#### [Exercise directions]
Each line in the material below, starting at the one that contains "中国黄金央创本命年黄金项链女款足金小马吊坠马年纯金生肖礼物送" and ending at the one that contains "Grey Party .", should be repeated exactly; the pictures should not.

#### [Entries supplied]

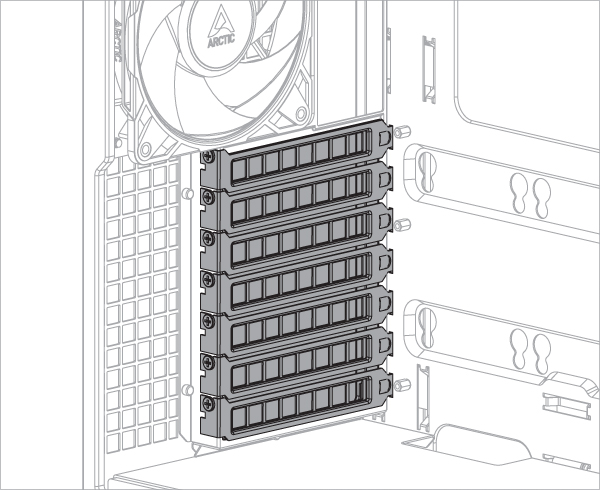 To install the Accelero GPU Mount, at least 7 PCIe slots are required. Remove the PCIe slot covers before installing the mounting kit.
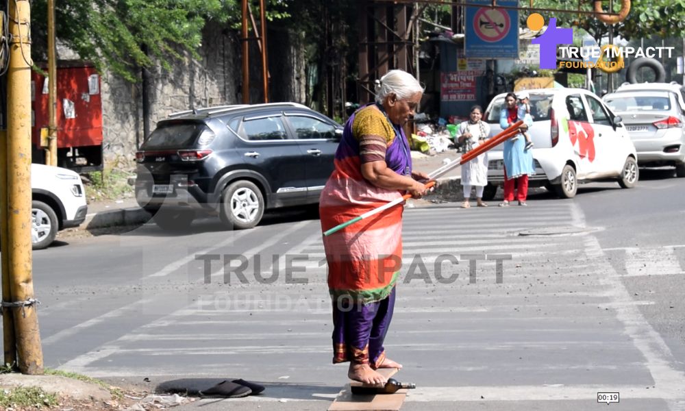 Every morning, long before the sun rises over Pune, an 89-year-old woman cooks food, ties her saree tightly, picks up two sticks, and steps out of her house in a slum. Her name is Shanta Pawar, lovingly called as Ajji by the children around her.
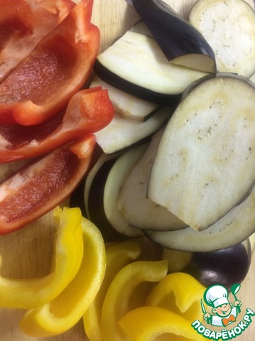 Баклажаны нарезать кружками 0,5 - 0,7 см. шириной. Болгарский перец нарезать полосками такой ширины, какой будет удобно подцеплять вилкой. -
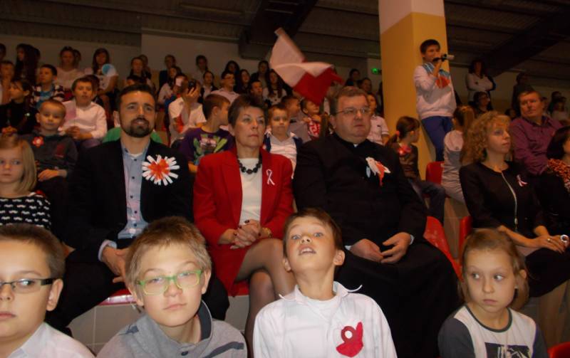 Ciekawie było także w trójce, gdzie odbył się uroczysty apel ku czci Narodowego Święta Niepodległości. Spektakl przygotowali uczniowie klasy sportowej przy pomocy Mariusza Michalczuka i Wojciecha Tokarskiego. Oprawę muzyczną stworzył uczeń piątej klasy Grzegorz Lasiecki, wraz z tatą Waldemarem i chórem szkolnym, działającym pod kierunkiem Zofii Lasieckiej. W uroczystości obok prezydenta Michała Litwiniuka wziął ks. Andrzej Biernat, proboszcz parafii Wniebowzięcia NMP.
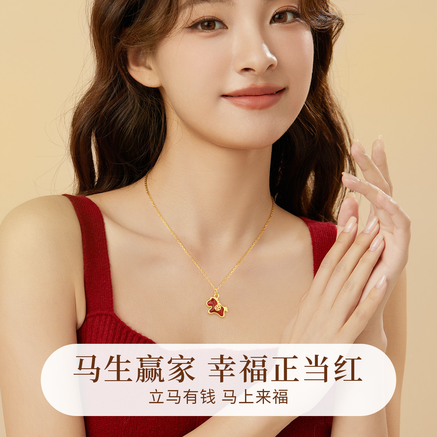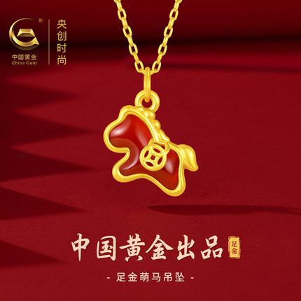 中国黄金央创本命年黄金项链女款足金小马吊坠马年纯金生肖礼物送
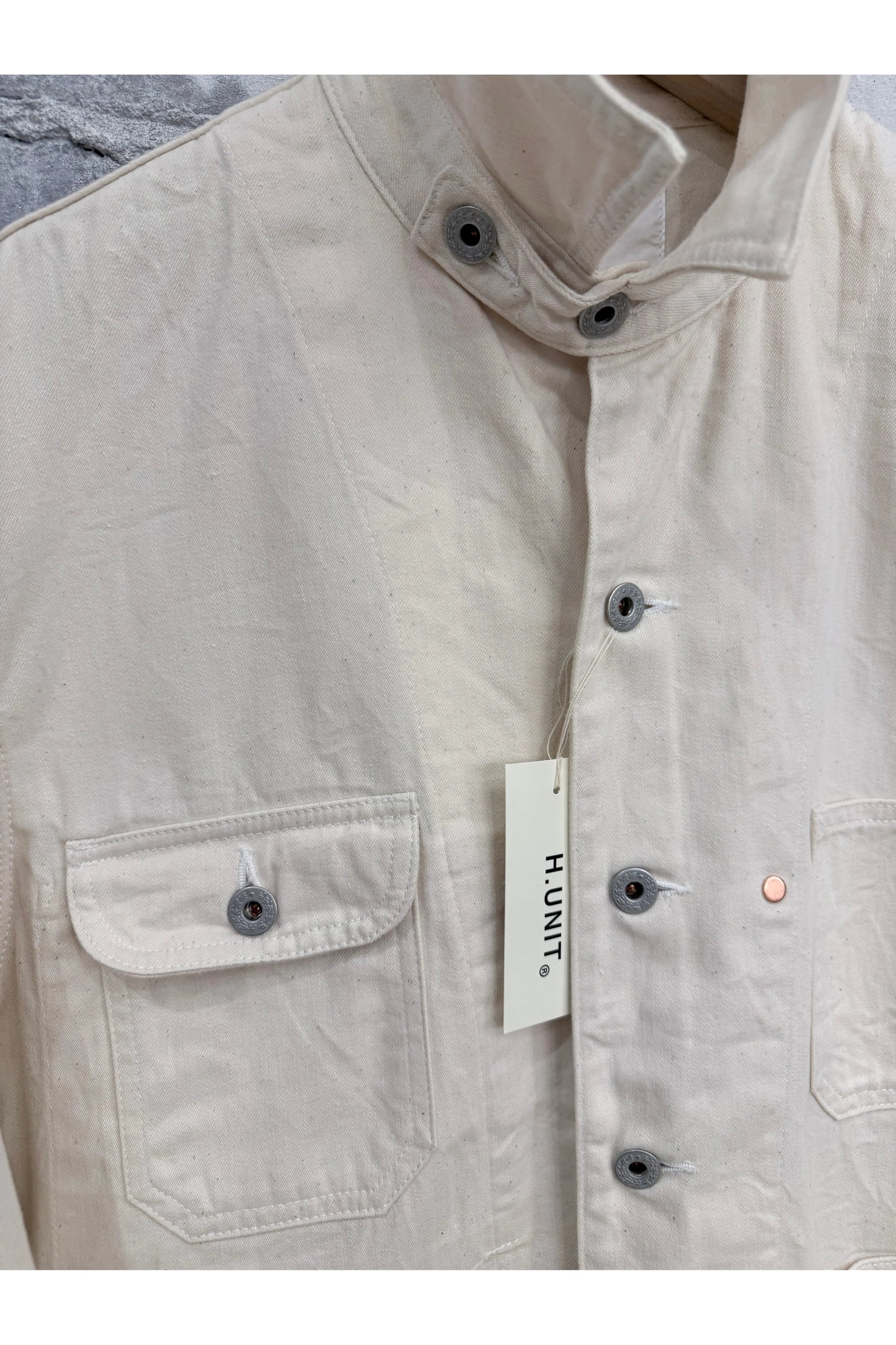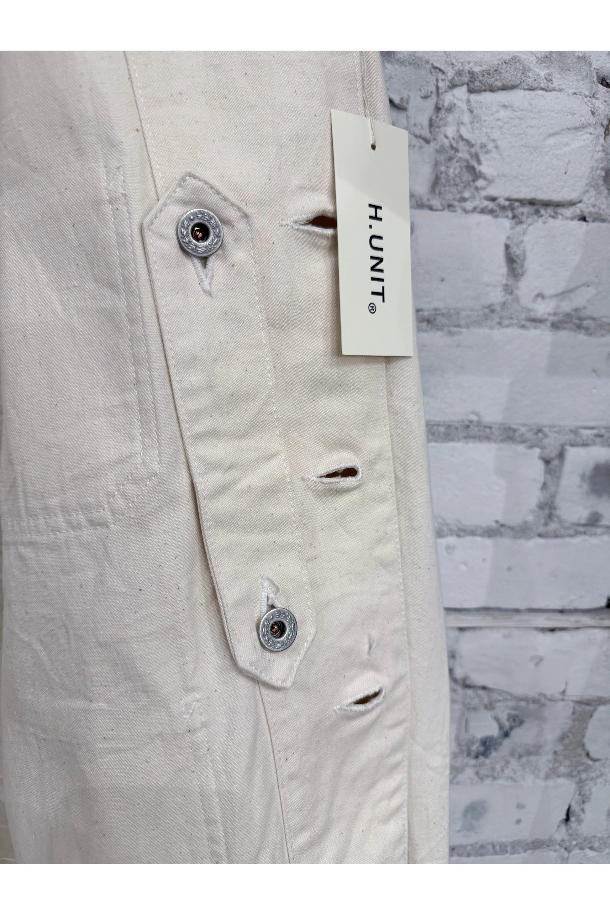 Detail: A relaxed silhouette coverall with the image of a coverall with a chin strap from the 1930s. The strap is stored on the left front back, and when you open the front and wear it, if you stop the strap and the front button, you can wear it without the front opening.
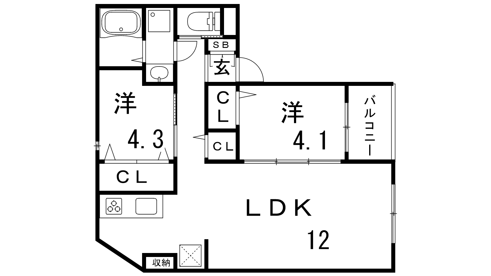 - LDK12帖、洋室4.1帖、洋室4.3帖
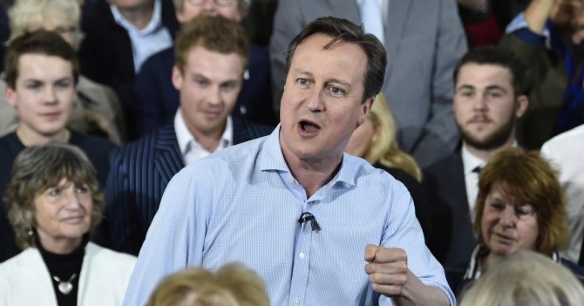 Britain's Prime Minister David Cameron gestures as he speaks at an election rally in St Ives, Britain. Photographer: Toby Melville/Reuters
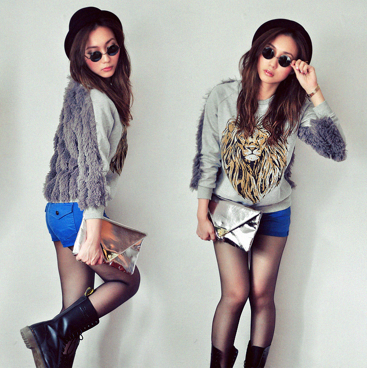. Grey Printed Lion Furry Jumper . Romwe . Electric Blue Shorts . DIY . Silver Envelope Bag . Gift . Boots . Doctor Martens . Shades . Earl Grey Party .
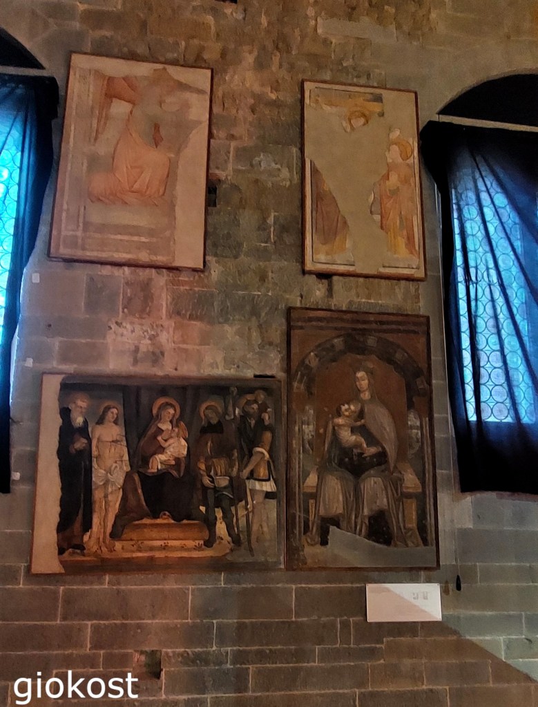 Salendo la scalinata, del millequattrocento, che si vede sulla sua destra si entra, al primo piano, nella Sala delle Capriate, che prende il nome dalla conformazione del tetto, è la sede del Museo dell’Affresco della città dove sono racconti affreschi datati tra il XIV e il XV secolo tra cui l’ultima cena del Bronzino e reperti originariamente di altri edifici nobiliari della città. Questo museo ospita anche mostre ed esposizioni organizzate dal GAMeC, la Galleria d’Arte Moderna e Contemporanea di Bergamo.
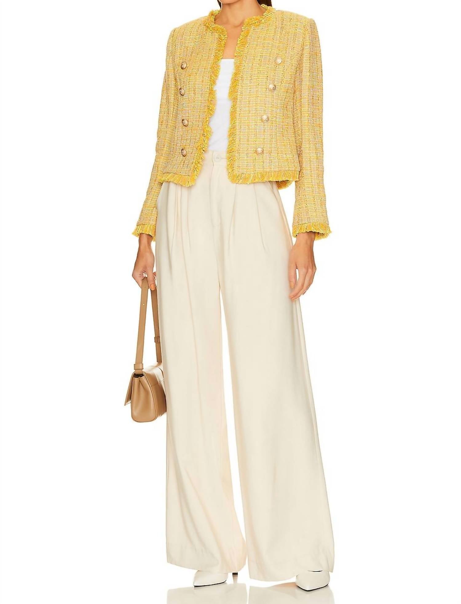 An elevated version of your favorite classic blazer. Step into the new season with the Tinlee Tweed Blazer by L'Agence, a chic addition to any fall workwear wardrobe. This long sleeve piece is crafted from a premium cotton blend, featuring a self composition of 59% cotton, 29% polyester, and 12% acrylic, with a 100% polyester lining. The blazer is imported and offers a sophisticated touch with its open front and padded shoulders. Designed with a midweight tweed fabric, it requires dry clean only care to maintain its pristine quality.
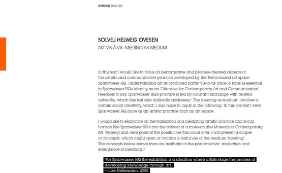 ____Art vis-á-vis: Meeting as Medium As part of the residency she engaged also in a dialogue with Lise Nelleman on topics like the institutional model of a space like Sparwasser HQ, the artistic media presented there as well as a selection of artist positions that Sparwasser HQ introduced to the public.

#### [The completed task]
 中国黄金央创本命年黄金项链女款足金小马吊坠马年纯金生肖礼物送
 Detail: A relaxed silhouette coverall with the image of a coverall with a chin strap from the 1930s. The strap is stored on the left front back, and when you open the front and wear it, if you stop the strap and the front button, you can wear it without the front opening.
 - LDK12帖、洋室4.1帖、洋室4.3帖
 Britain's Prime Minister David Cameron gestures as he speaks at an election rally in St Ives, Britain. Photographer: Toby Melville/Reuters
. Grey Printed Lion Furry Jumper . Romwe . Electric Blue Shorts . DIY . Silver Envelope Bag . Gift . Boots . Doctor Martens . Shades . Earl Grey Party .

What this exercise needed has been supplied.